● **INPUT MATERIAL**:
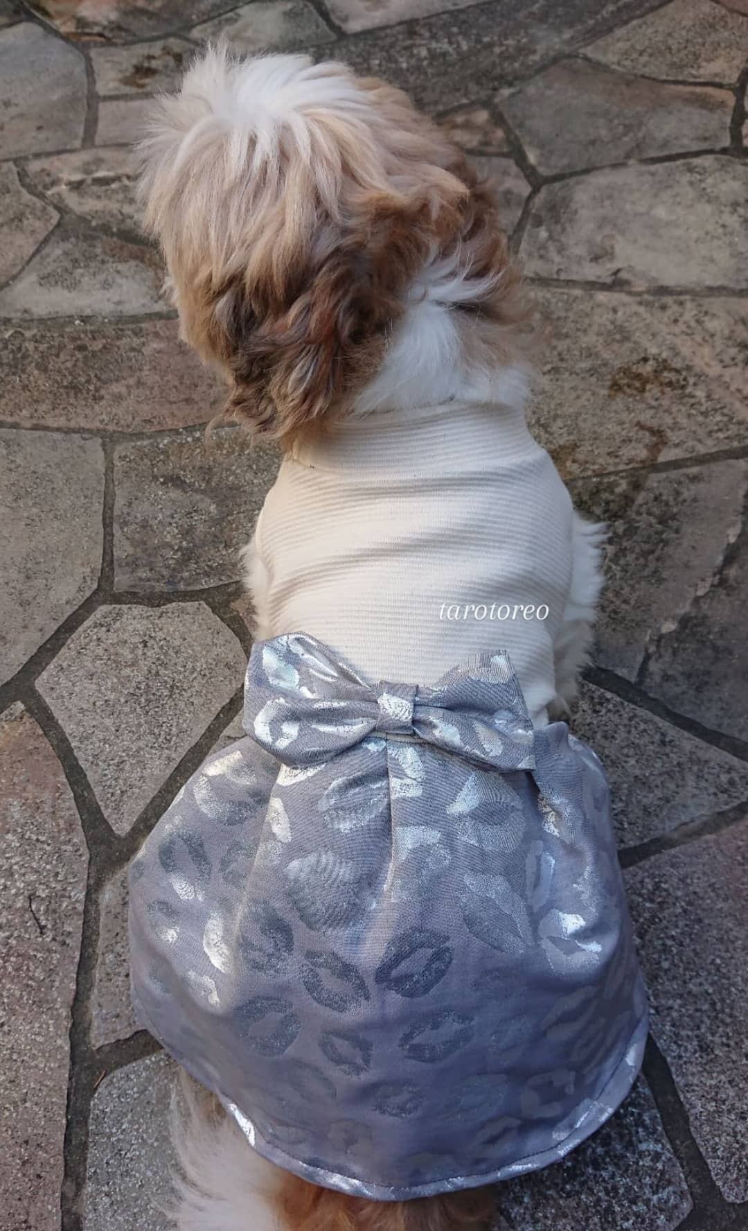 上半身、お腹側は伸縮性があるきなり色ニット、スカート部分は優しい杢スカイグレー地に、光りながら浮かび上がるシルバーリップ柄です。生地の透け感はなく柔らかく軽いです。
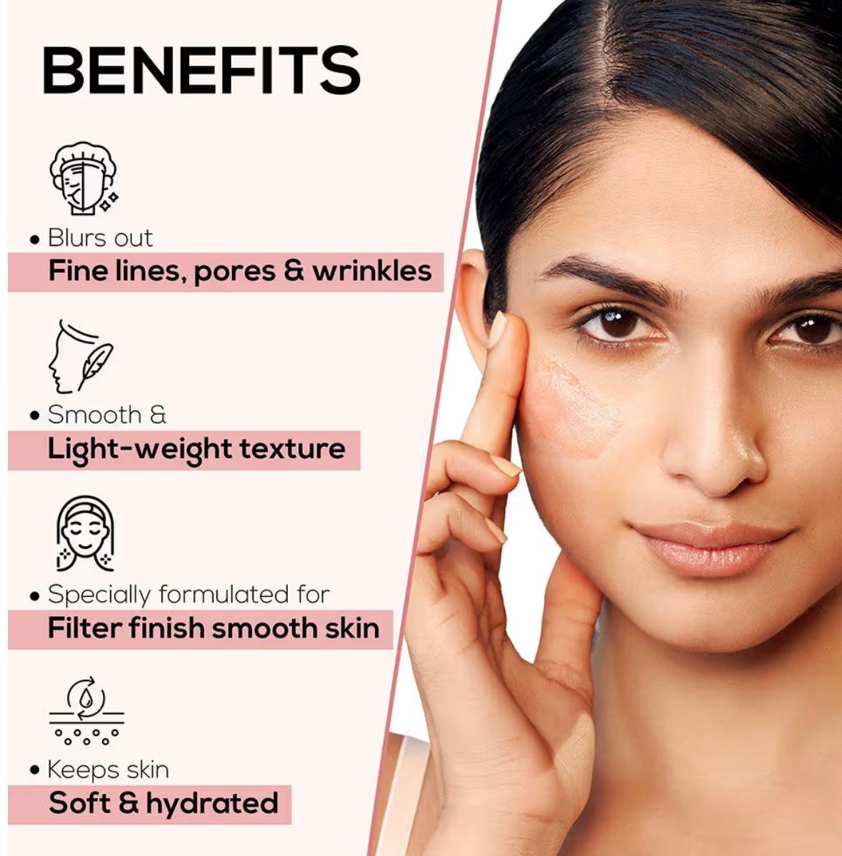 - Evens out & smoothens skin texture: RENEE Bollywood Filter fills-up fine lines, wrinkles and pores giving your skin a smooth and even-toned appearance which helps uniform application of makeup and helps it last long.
--
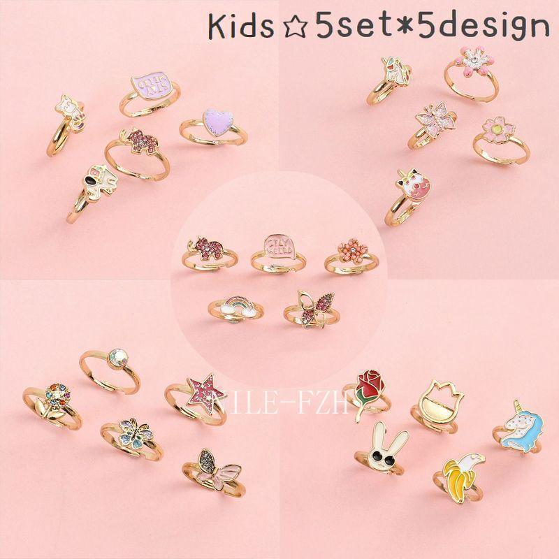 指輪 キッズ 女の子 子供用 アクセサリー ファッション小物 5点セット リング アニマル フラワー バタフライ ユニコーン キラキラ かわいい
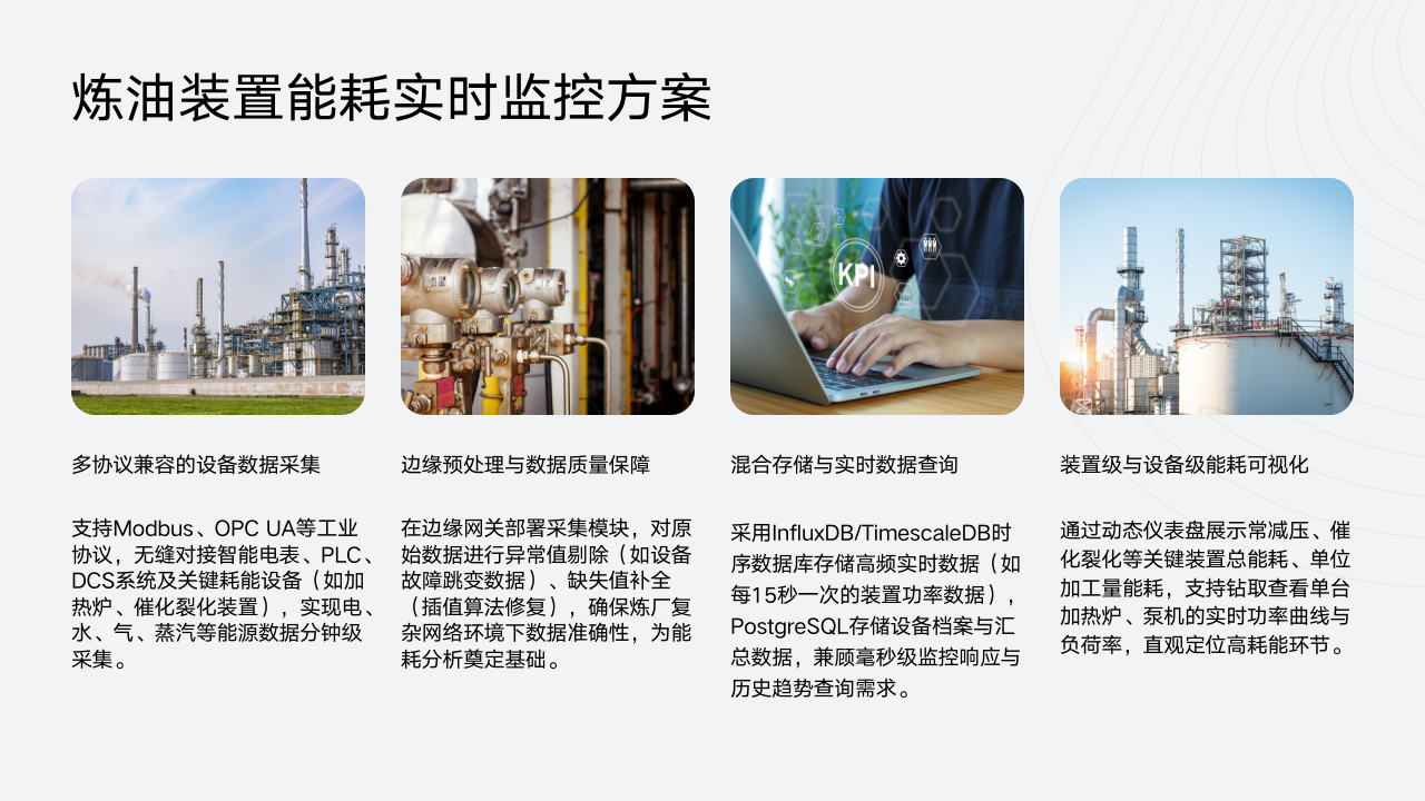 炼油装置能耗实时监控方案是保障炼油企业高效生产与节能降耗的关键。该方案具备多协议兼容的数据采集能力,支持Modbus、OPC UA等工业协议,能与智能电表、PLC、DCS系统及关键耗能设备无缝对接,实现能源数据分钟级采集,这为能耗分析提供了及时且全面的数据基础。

● **WORK INSTRUCTIONS**: Using the data above, set down each line from the line with "指輪 キッズ 女の子 子供用" to the line with "炼油装置能耗实时监控方案是保" exactly, both ends included, and leave the pictures behind. Nothing else belongs.

● **ANSWER TO THIS EXERCISE**:
 指輪 キッズ 女の子 子供用 アクセサリー ファッション小物 5点セット リング アニマル フラワー バタフライ ユニコーン キラキラ かわいい
 炼油装置能耗实时监控方案是保障炼油企业高效生产与节能降耗的关键。该方案具备多协议兼容的数据采集能力,支持Modbus、OPC UA等工业协议,能与智能电表、PLC、DCS系统及关键耗能设备无缝对接,实现能源数据分钟级采集,这为能耗分析提供了及时且全面的数据基础。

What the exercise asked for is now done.